== Your assignment ==
Repeat exactly the line that contains "The cheeseburger and" and every line after it, down to the last line of the entries below. Do not include pictures.

------ Exercise materials ------

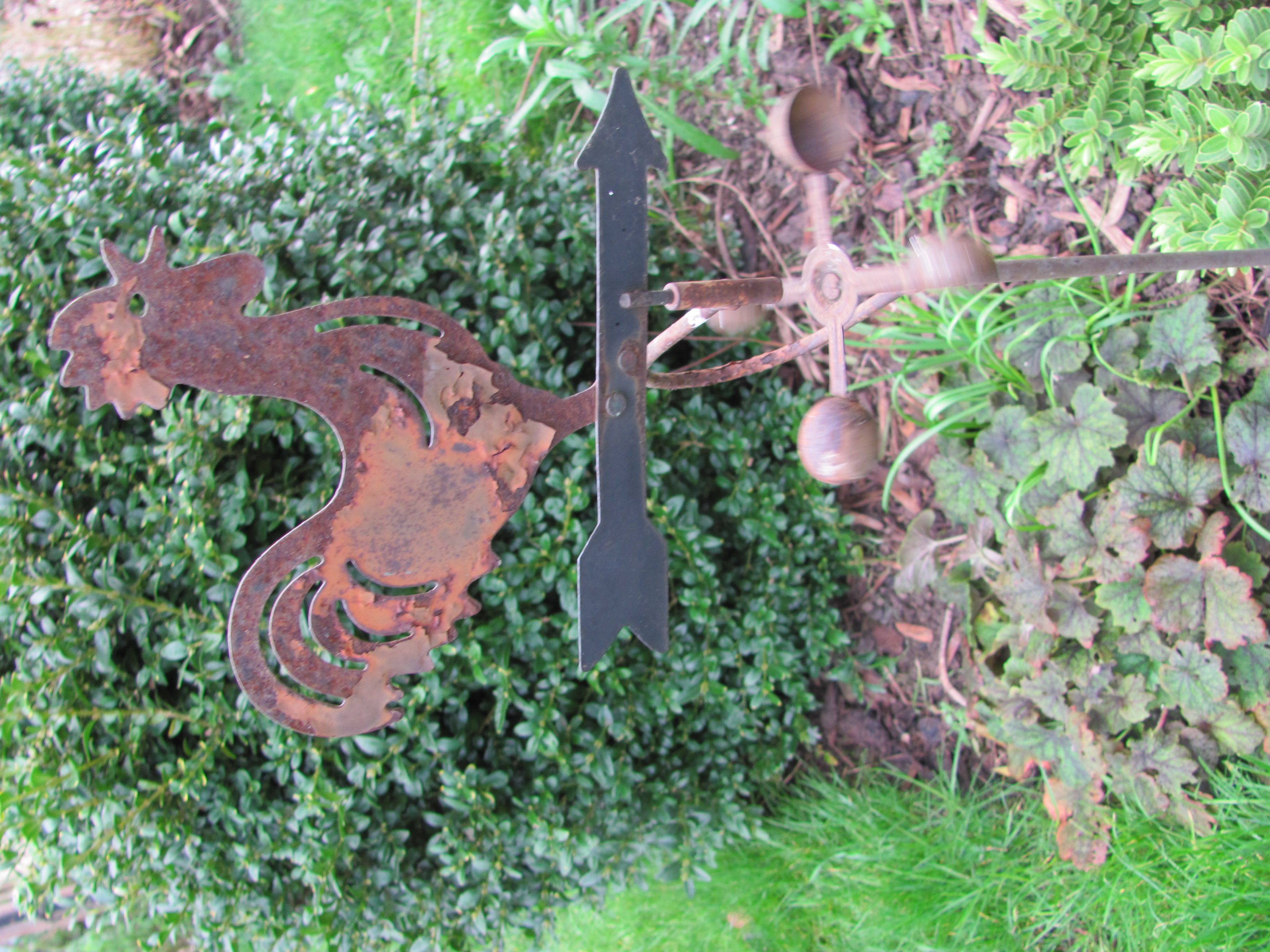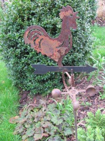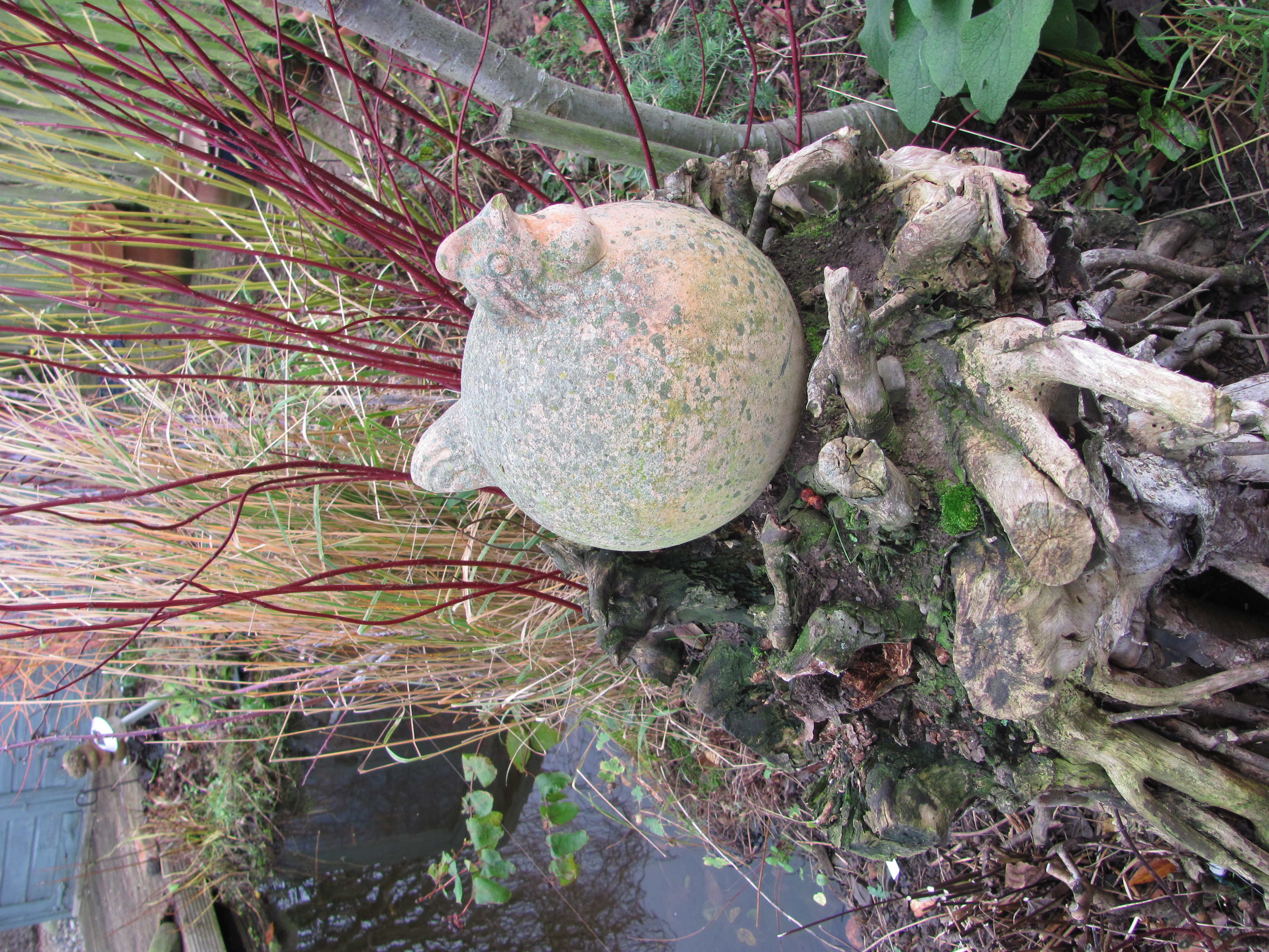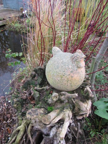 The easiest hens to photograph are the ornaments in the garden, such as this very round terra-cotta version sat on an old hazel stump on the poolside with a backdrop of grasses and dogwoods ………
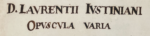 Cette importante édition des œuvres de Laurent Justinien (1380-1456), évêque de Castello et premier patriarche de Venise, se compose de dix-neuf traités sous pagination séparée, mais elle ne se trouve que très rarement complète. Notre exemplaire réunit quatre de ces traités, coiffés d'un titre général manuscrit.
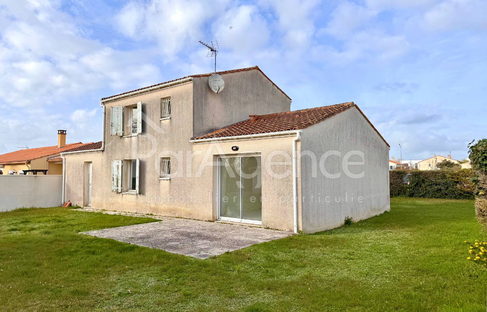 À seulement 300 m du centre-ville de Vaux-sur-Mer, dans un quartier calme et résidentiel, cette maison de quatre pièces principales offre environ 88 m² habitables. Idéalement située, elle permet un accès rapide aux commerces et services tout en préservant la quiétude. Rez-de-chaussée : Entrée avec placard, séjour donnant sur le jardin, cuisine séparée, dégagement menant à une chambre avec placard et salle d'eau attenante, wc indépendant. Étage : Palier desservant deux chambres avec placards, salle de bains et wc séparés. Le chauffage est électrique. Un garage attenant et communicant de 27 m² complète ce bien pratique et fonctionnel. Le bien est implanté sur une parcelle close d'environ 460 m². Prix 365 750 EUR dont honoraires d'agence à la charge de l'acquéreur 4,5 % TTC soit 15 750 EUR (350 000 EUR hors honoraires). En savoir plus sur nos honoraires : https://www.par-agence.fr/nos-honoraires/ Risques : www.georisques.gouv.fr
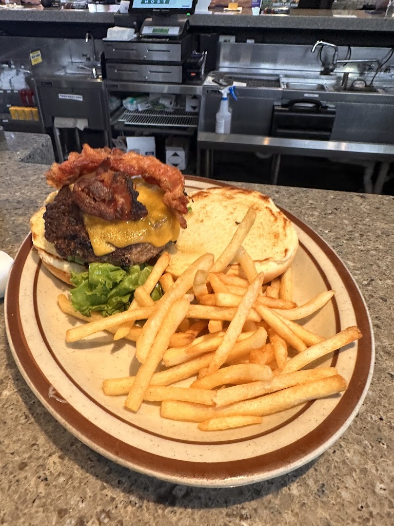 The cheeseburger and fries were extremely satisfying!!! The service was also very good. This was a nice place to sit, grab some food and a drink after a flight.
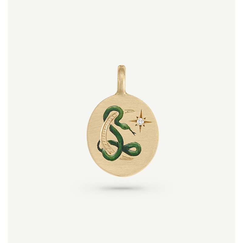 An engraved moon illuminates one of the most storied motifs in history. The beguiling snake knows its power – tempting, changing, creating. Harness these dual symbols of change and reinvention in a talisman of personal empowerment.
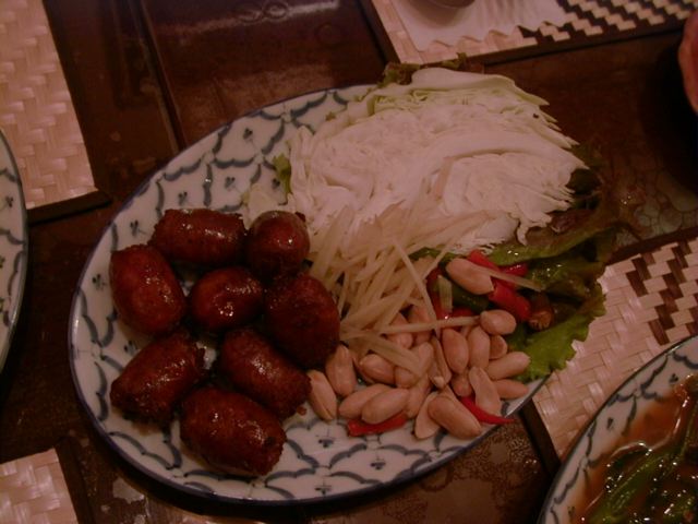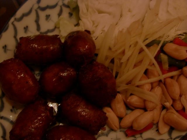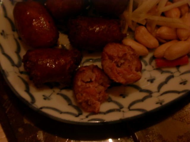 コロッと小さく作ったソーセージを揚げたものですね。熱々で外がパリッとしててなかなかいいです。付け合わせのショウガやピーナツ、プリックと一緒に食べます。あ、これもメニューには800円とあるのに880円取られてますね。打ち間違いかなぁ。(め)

------

== Problem solution ==
 The cheeseburger and fries were extremely satisfying!!! The service was also very good. This was a nice place to sit, grab some food and a drink after a flight.
 An engraved moon illuminates one of the most storied motifs in history. The beguiling snake knows its power – tempting, changing, creating. Harness these dual symbols of change and reinvention in a talisman of personal empowerment.
 コロッと小さく作ったソーセージを揚げたものですね。熱々で外がパリッとしててなかなかいいです。付け合わせのショウガやピーナツ、プリックと一緒に食べます。あ、これもメニューには800円とあるのに880円取られてますね。打ち間違いかなぁ。(め)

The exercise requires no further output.